Highlands & Islands

MSPs call for new '21st Century' crofting bill

Sheep

The Scottish government has been asked to produce a new crofting bill which "fully meets the needs of crofting communities in the 21st Century".

In a new report, Holyrood's rural economy and connectivity committee said "comprehensive" updates to legislation were needed.

It said these should be introduced by the end of the current session of parliament.

The government said it would take time to consider the report.

Among calls being made by the committee are that the new bill should fit with the "reality of modern crofting practices", and be relevant to the "needs and aspirations" of crofters and those who wish to be involved in crofting.

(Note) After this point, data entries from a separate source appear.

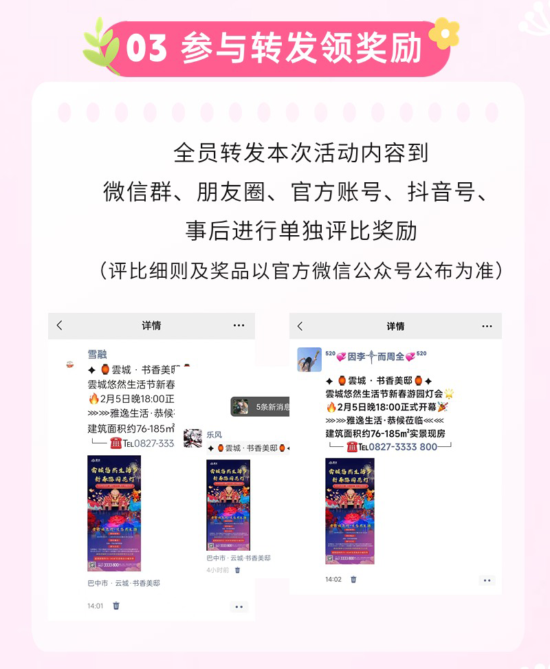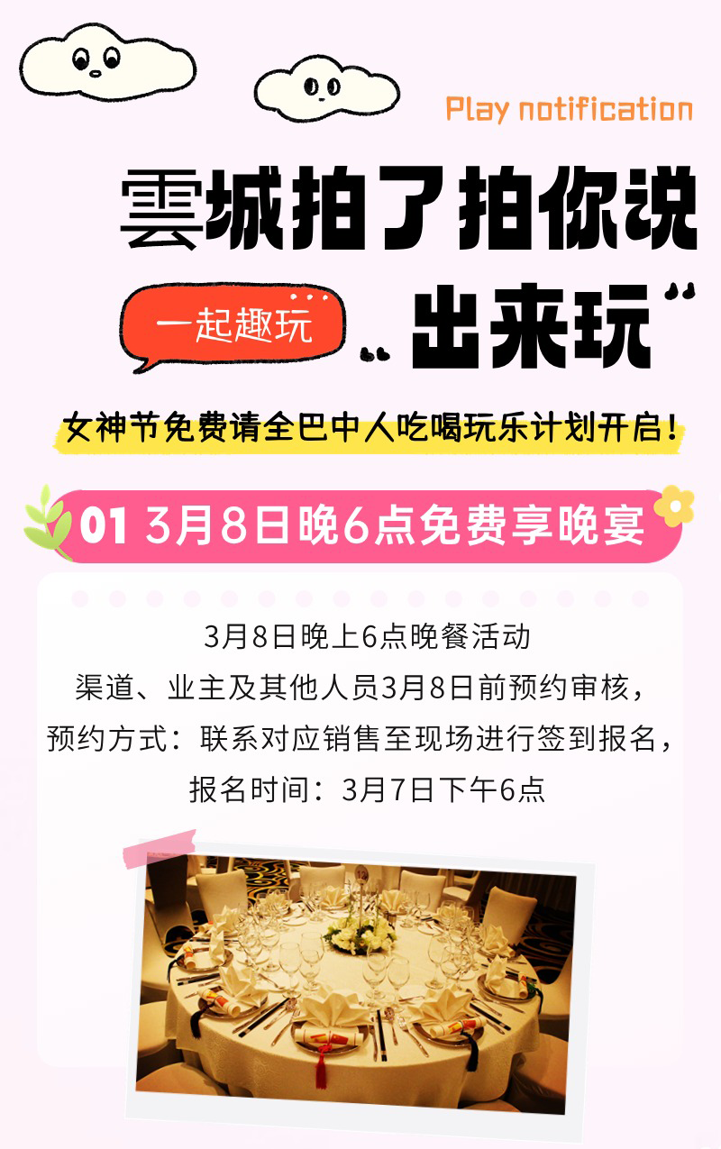 其次巴中之窗及网红到访云城发送抖音及朋友圈,每人赠送500元餐券一张,用于餐厅及2楼棋牌室使用。活动期间,所有到访云城人员及团队至餐厅及2楼棋牌室消费(含使用餐券),享受8折优惠,详情咨询售楼部。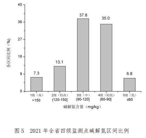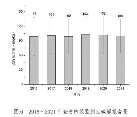 2021年全省四级监测点土壤碱解氮有效数据为2937个,平均含量100mg/kg。2016~2021年,全省土壤碱解氮平均含量在99mg/kg-103mg/kg间变化,分别为99mg/kg、101mg/kg、99mg/kg、103mg/kg、102mg/kg、100mg/kg,年际间变化不大。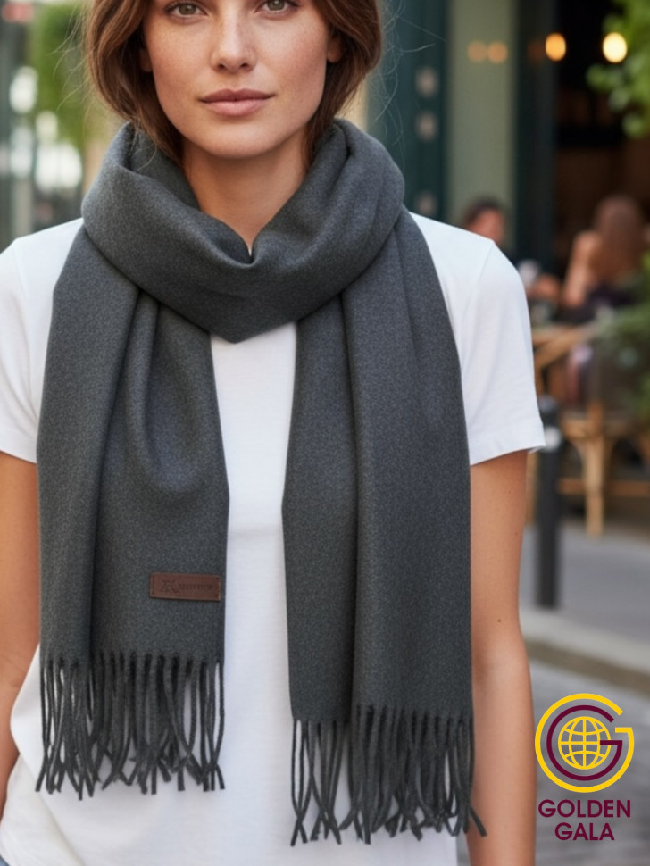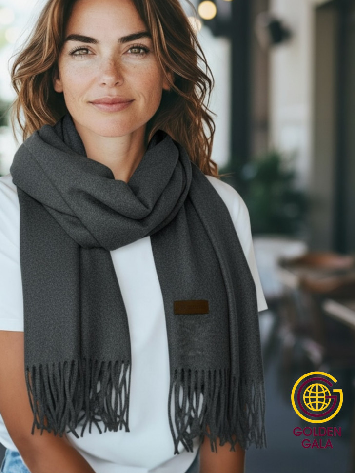 Шарф теплый женский кашемировый Арт 2581Ш/06 (темно-серый) 10 фото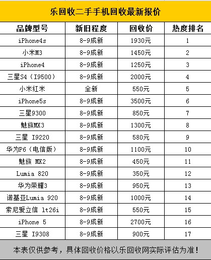 根據(jù)樂回收最新二手手機(jī)回收報(bào)價(jià)顯示,蘋果、三星品牌手機(jī)成年后最熱們回收機(jī)型。在排行榜前17位中,蘋果、三星品牌手機(jī)回收均占據(jù)了四款型號,蘋果iPhone4S和iPhone4代分別成為最熱回收排行棒的第一和第三名。
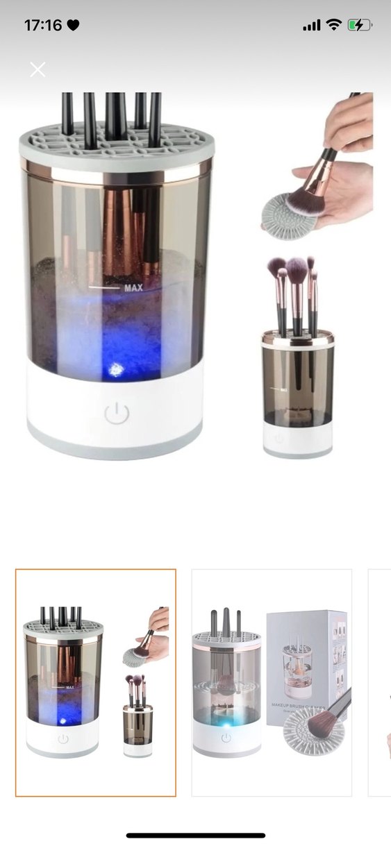 Beyaz renkli, LED ışıklı makyaj fırçası temizleyici. Fırçaları etkili şekilde temizleyip kurutur. Kompakt ve kullanımı kolay.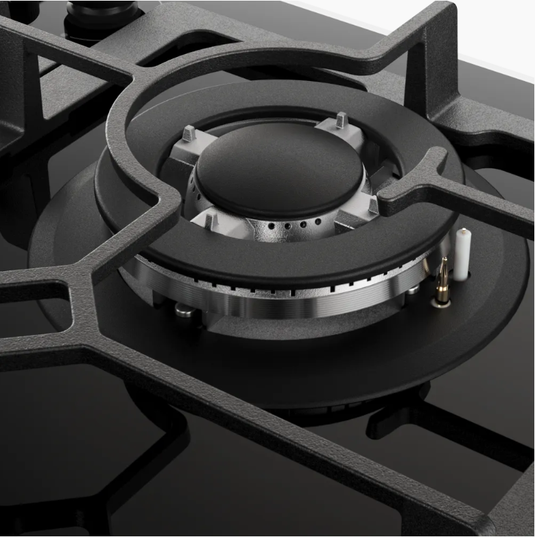 Описаниеповерхность газовая, 60 см, газ на стекле, 4 конфорки, решетки чугунные, черный

MSPs on the committee also said the bill should be comprehensive and seek to address as many of the issues identified within the crofting community requiring action as possible.

'Priority issues'

Committee convener Edward Mountain said: "Several crofting acts have been passed in recent years, making some useful changes but without fully dealing with all of the issues the crofting communities are keen to see addressed.

"A lot of work has already been done by crofting stakeholders to identify what the priority issues are, and the committee feels that a new bill is required which deals with these in a comprehensive manner.

"We also agree with many of our witnesses, who told us that before identifying what should be delivered from legislative reform, the Scottish government needs to develop a clear policy setting out the role crofting is expected to play in the 21st Century."

The MSP added: "In the months and years to come, the committee expects to see development of policy and legislation which is fully fit for purpose, allowing crofting to flourish and to continue to make an important and sustainable contribution to the rural economy in Scotland."

The Scottish government said it noted the publication of the committee's report.

'Personality clashes'

A spokesman said: "We will take the time to give the recommendations full and proper consideration.

"We are currently undertaking early engagement with stakeholders to take forward work on future crofting legislation.

"There will be full public consultation as part of the bill development process and responses to such a consultation would be welcome."

Last month, Scottish ministers demanded "urgent action" after another report highlighted "worrying failures" at the Crofting Commission.

A review ordered by the government found "personality clashes" amid issues with management at the group.

There has also been a long-running row at the commission over its leadership and the management of common grazing land.

Rural Economy Secretary Fergus Ewing said it was "essential" that governance was improved "immediately".

Bill Barron, the new chief executive of the commission, said the review had raised "important points" which he was "committed" to addressing.

The review followed a protracted internal dispute in the commission, which grew from a row over the running of land shared by crofters to raise livestock.